ASSIGNMENT.
Beginning at the line that contains "Bir yoğurma kabına" and finishing at the line that contains "This is a Shopmate", output the data below exactly. Include both end lines and no pictures.

MATERIAL FOR THIS TASK.
○ ○ ○ ○ ○
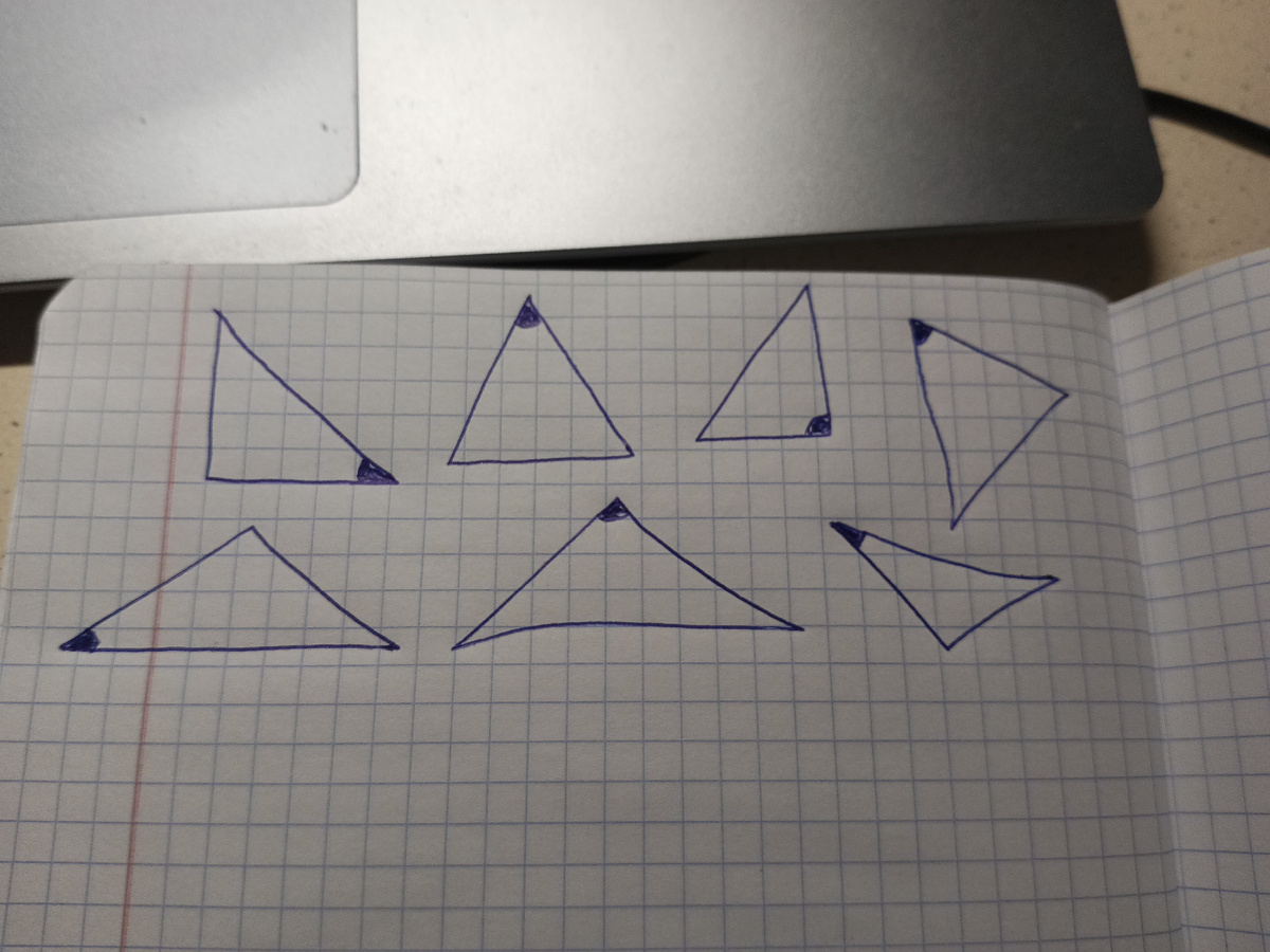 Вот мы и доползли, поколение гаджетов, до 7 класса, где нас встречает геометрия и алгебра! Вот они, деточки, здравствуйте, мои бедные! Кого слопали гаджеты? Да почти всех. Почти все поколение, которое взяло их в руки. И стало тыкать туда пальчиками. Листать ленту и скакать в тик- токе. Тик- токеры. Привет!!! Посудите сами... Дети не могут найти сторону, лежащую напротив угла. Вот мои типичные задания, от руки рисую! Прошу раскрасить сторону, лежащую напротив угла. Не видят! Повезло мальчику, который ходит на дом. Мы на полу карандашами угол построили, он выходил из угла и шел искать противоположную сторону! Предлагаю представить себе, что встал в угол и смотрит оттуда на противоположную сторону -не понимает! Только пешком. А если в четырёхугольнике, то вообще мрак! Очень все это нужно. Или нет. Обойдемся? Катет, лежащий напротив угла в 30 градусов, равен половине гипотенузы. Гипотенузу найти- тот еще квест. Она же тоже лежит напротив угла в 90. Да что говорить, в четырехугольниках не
○ ○ ○ ○ ○
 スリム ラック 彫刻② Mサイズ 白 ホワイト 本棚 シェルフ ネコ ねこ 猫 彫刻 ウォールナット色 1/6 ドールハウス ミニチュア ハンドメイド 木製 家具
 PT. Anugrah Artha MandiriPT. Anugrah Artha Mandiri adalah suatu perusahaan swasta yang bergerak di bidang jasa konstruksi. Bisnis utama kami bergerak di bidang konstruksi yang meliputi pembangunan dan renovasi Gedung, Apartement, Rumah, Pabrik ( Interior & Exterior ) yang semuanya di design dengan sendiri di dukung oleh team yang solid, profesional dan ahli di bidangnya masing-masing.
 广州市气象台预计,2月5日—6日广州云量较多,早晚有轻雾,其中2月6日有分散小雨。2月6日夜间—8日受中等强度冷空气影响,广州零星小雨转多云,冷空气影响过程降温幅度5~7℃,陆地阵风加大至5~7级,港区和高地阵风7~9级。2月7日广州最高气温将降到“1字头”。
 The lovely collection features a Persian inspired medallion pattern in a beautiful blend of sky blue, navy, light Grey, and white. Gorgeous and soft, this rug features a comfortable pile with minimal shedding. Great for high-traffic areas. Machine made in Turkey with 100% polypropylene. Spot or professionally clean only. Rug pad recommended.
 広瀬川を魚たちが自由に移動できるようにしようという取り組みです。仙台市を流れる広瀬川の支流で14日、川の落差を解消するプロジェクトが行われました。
○ ○ ○ ○ ○
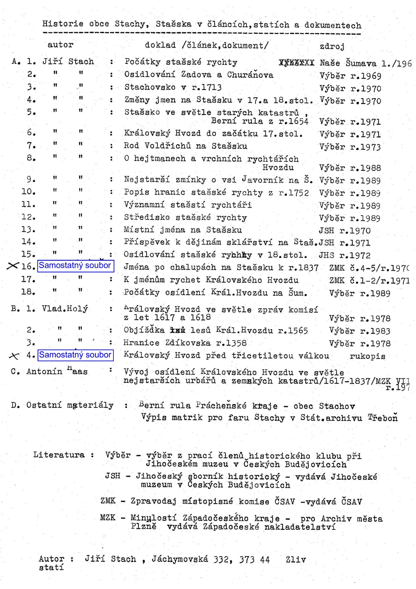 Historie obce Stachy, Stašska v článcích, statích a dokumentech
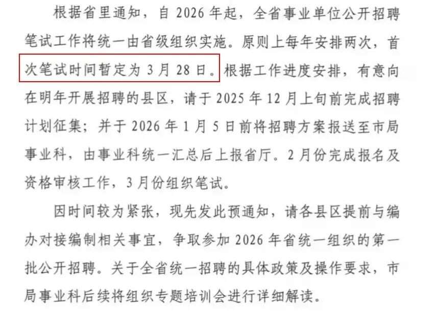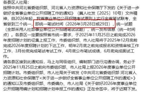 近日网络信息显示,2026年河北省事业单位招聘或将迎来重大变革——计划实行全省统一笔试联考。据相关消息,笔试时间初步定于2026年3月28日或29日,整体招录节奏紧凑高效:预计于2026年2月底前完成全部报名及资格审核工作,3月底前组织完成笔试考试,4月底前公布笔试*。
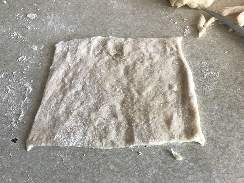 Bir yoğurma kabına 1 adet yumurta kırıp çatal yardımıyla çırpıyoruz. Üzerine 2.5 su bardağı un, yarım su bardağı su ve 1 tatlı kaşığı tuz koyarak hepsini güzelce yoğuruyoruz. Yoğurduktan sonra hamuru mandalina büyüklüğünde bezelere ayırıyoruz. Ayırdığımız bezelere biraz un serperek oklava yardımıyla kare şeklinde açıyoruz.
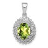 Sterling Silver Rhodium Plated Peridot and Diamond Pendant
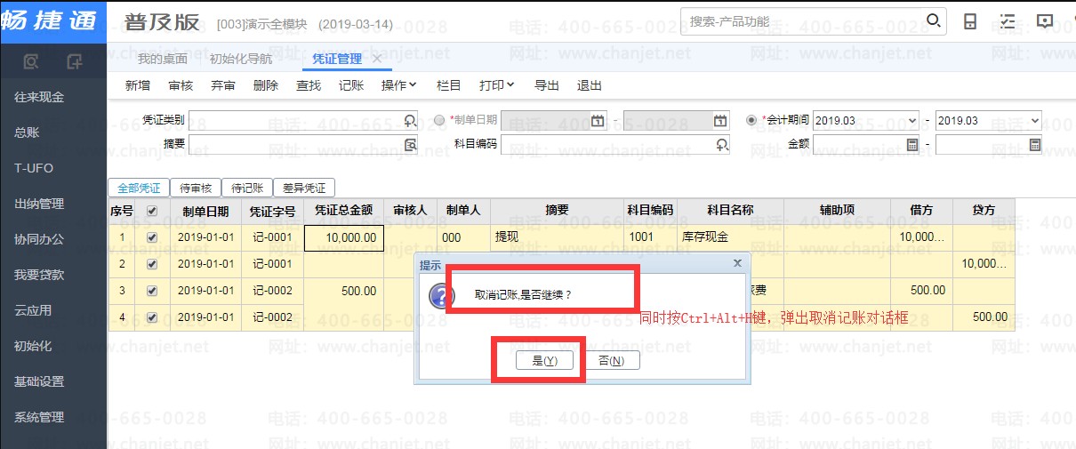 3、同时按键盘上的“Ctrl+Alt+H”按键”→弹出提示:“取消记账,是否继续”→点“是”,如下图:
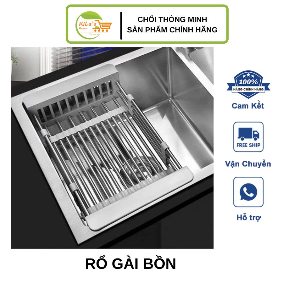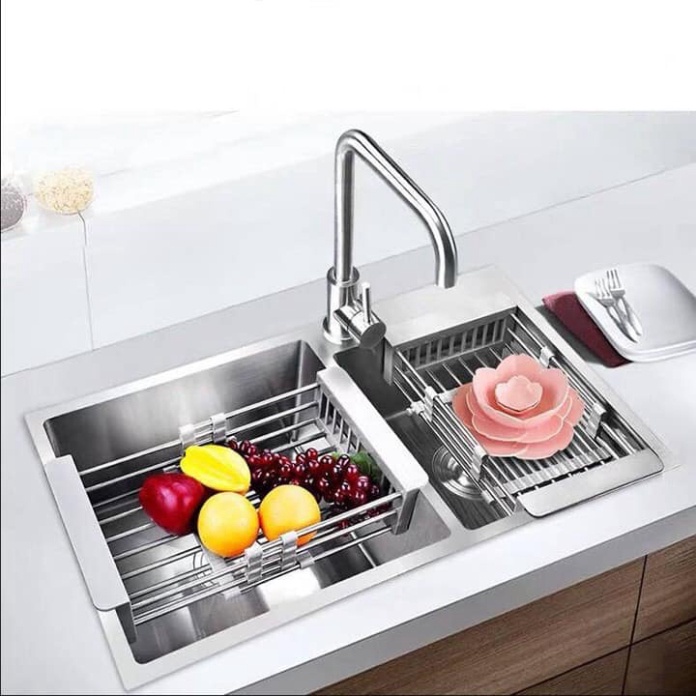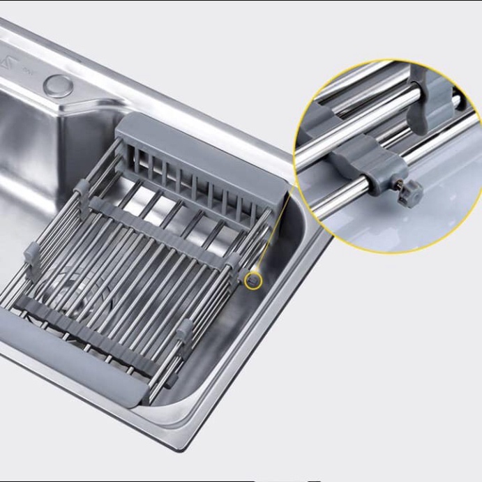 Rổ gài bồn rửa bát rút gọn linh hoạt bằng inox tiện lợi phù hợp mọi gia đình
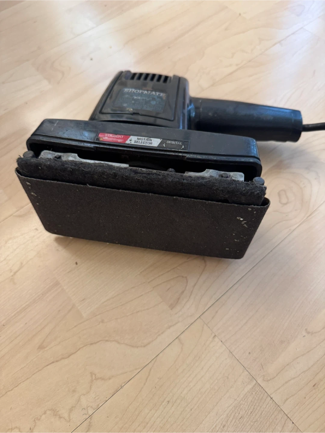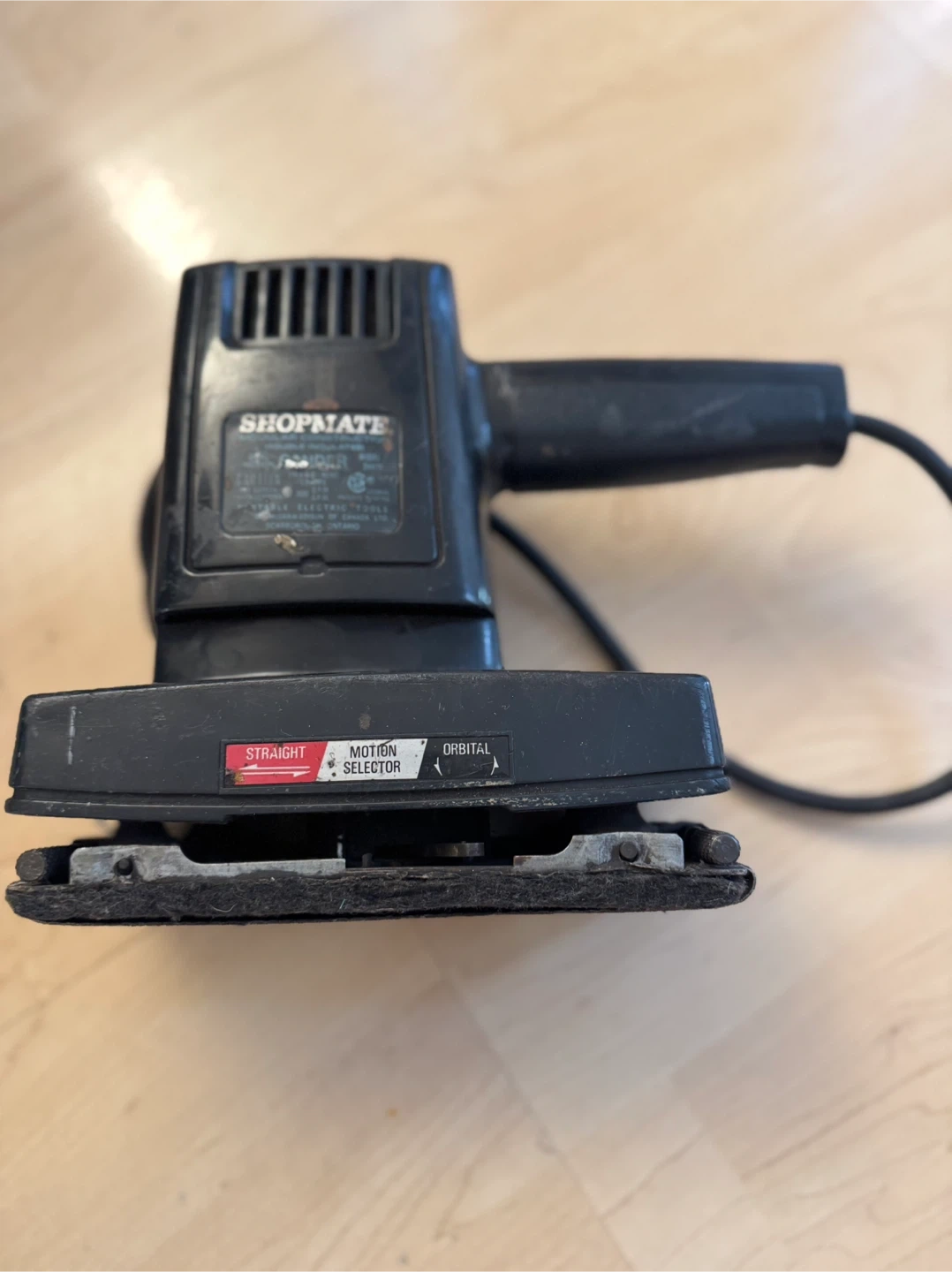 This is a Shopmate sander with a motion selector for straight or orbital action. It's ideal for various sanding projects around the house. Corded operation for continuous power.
○ ○ ○ ○ ○
EXERCISE ANSWER.
 Bir yoğurma kabına 1 adet yumurta kırıp çatal yardımıyla çırpıyoruz. Üzerine 2.5 su bardağı un, yarım su bardağı su ve 1 tatlı kaşığı tuz koyarak hepsini güzelce yoğuruyoruz. Yoğurduktan sonra hamuru mandalina büyüklüğünde bezelere ayırıyoruz. Ayırdığımız bezelere biraz un serperek oklava yardımıyla kare şeklinde açıyoruz.
 Sterling Silver Rhodium Plated Peridot and Diamond Pendant
 3、同时按键盘上的“Ctrl+Alt+H”按键”→弹出提示:“取消记账,是否继续”→点“是”,如下图:
 Rổ gài bồn rửa bát rút gọn linh hoạt bằng inox tiện lợi phù hợp mọi gia đình
 This is a Shopmate sander with a motion selector for straight or orbital action. It's ideal for various sanding projects around the house. Corded operation for continuous power.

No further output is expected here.